─── Stored data

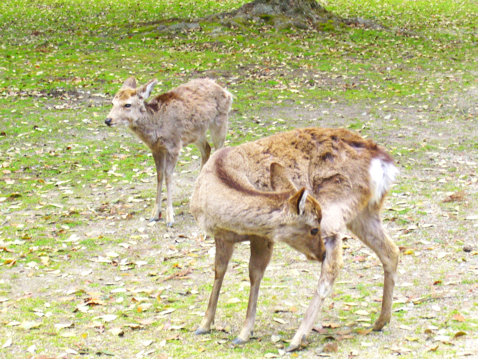 参道に戻り、長い参道を歩いて春日大社に近ずくと右手の鹿苑には神の使いとされる鹿もあちこちに出没し、鹿せんべいの販売スタンドもいっぱいで、このあたりは「飛火野」といいいます。武甕槌命が鹿島から白い鹿に乗って来られ、春日に着いて鹿から降りた場所といわれるのが左手の萬葉植物園近くの「鹿道の辻」。鹿道に着いたのが夜半で足元が暗かったため、お供の八代尊が口から火を出して道明かりとしたところ、火がが消えずに飛び回ったことから「飛火野」という名がつきました。鹿は古から神鹿として崇められ大切にされてきました。
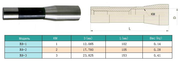 Втулка переходная с хв-ком R8 (7/16"- 20UNF) на КМ2 с отверстием под клин "CNIC"
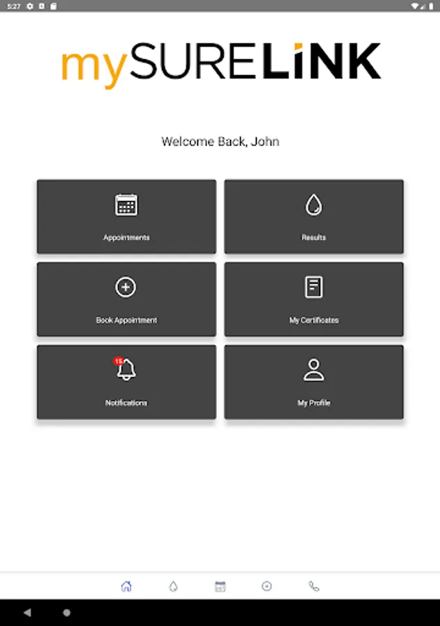 The mySureLink app allows you to share information on the go, from test results to vaccination records to training certificates. Just like your SureLink account, you can log in to the mySureLink app and:
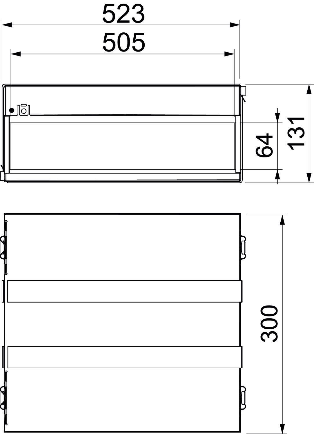 Augstums 131 mm Forma stūrains Garums 300 mm Iekšējais augstums 64 mm Iekšējais platums 505 mm Izmērs 300x523x130 Izmērs d 505 mm Izmērs D, min. 523 mm Krāsa tērauda Materiāls Nerūsējošais tērauds 1.4301 Nepieciešamie piederumi jā Platums 523 mm Ugunsdrošības instalācija Noblīvējuma kārba Virsma neizolēts, apstrādāts - Visi tipi
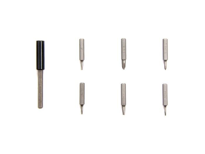 It comes with 1 x Screwdriver Head Extension Rod and 6 x popular bits Bits: PH0000, PH1, SL1.5, SL3.0, T5, T6. A quick-change chuck makes changing bits easy on this power screwdriver. The chuck is compatible with all micro (4mm) bits.
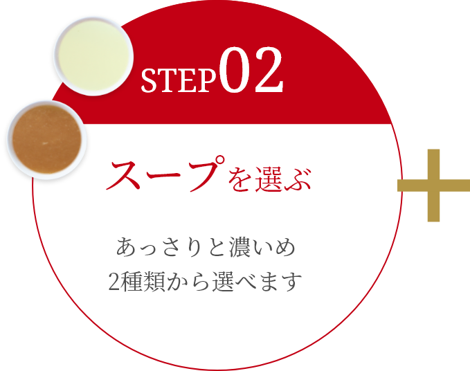 低加水の極細麵、歯切れの良い硬さが特徴の極細ぱっつん麺。濃厚スープにも負けない存在感のある麺となっております。
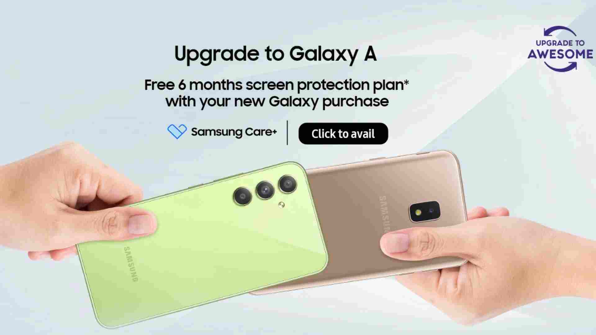 Samsung’s new ‘Upgrade to Awesome’ scheme is a unique program designed to help users upgrade their older pre-2020 Galaxy handsets to the latest 5G Galaxy A series smartphones in India. The company is offering a free Samsung Care+ screen protection pack on the upgrade, along with special offers and cashback. This is in addition to the existing festive cashback and affordability promotions on the Galaxy A-series phones.

──────

**Aim of the task**
A precise repetition of every entry, free of pictures, is the expected answer.

**Output for this exercise**
 参道に戻り、長い参道を歩いて春日大社に近ずくと右手の鹿苑には神の使いとされる鹿もあちこちに出没し、鹿せんべいの販売スタンドもいっぱいで、このあたりは「飛火野」といいいます。武甕槌命が鹿島から白い鹿に乗って来られ、春日に着いて鹿から降りた場所といわれるのが左手の萬葉植物園近くの「鹿道の辻」。鹿道に着いたのが夜半で足元が暗かったため、お供の八代尊が口から火を出して道明かりとしたところ、火がが消えずに飛び回ったことから「飛火野」という名がつきました。鹿は古から神鹿として崇められ大切にされてきました。
 Втулка переходная с хв-ком R8 (7/16"- 20UNF) на КМ2 с отверстием под клин "CNIC"
 The mySureLink app allows you to share information on the go, from test results to vaccination records to training certificates. Just like your SureLink account, you can log in to the mySureLink app and:
 Augstums 131 mm Forma stūrains Garums 300 mm Iekšējais augstums 64 mm Iekšējais platums 505 mm Izmērs 300x523x130 Izmērs d 505 mm Izmērs D, min. 523 mm Krāsa tērauda Materiāls Nerūsējošais tērauds 1.4301 Nepieciešamie piederumi jā Platums 523 mm Ugunsdrošības instalācija Noblīvējuma kārba Virsma neizolēts, apstrādāts - Visi tipi
 It comes with 1 x Screwdriver Head Extension Rod and 6 x popular bits Bits: PH0000, PH1, SL1.5, SL3.0, T5, T6. A quick-change chuck makes changing bits easy on this power screwdriver. The chuck is compatible with all micro (4mm) bits.
 低加水の極細麵、歯切れの良い硬さが特徴の極細ぱっつん麺。濃厚スープにも負けない存在感のある麺となっております。
 Samsung’s new ‘Upgrade to Awesome’ scheme is a unique program designed to help users upgrade their older pre-2020 Galaxy handsets to the latest 5G Galaxy A series smartphones in India. The company is offering a free Samsung Care+ screen protection pack on the upgrade, along with special offers and cashback. This is in addition to the existing festive cashback and affordability promotions on the Galaxy A-series phones.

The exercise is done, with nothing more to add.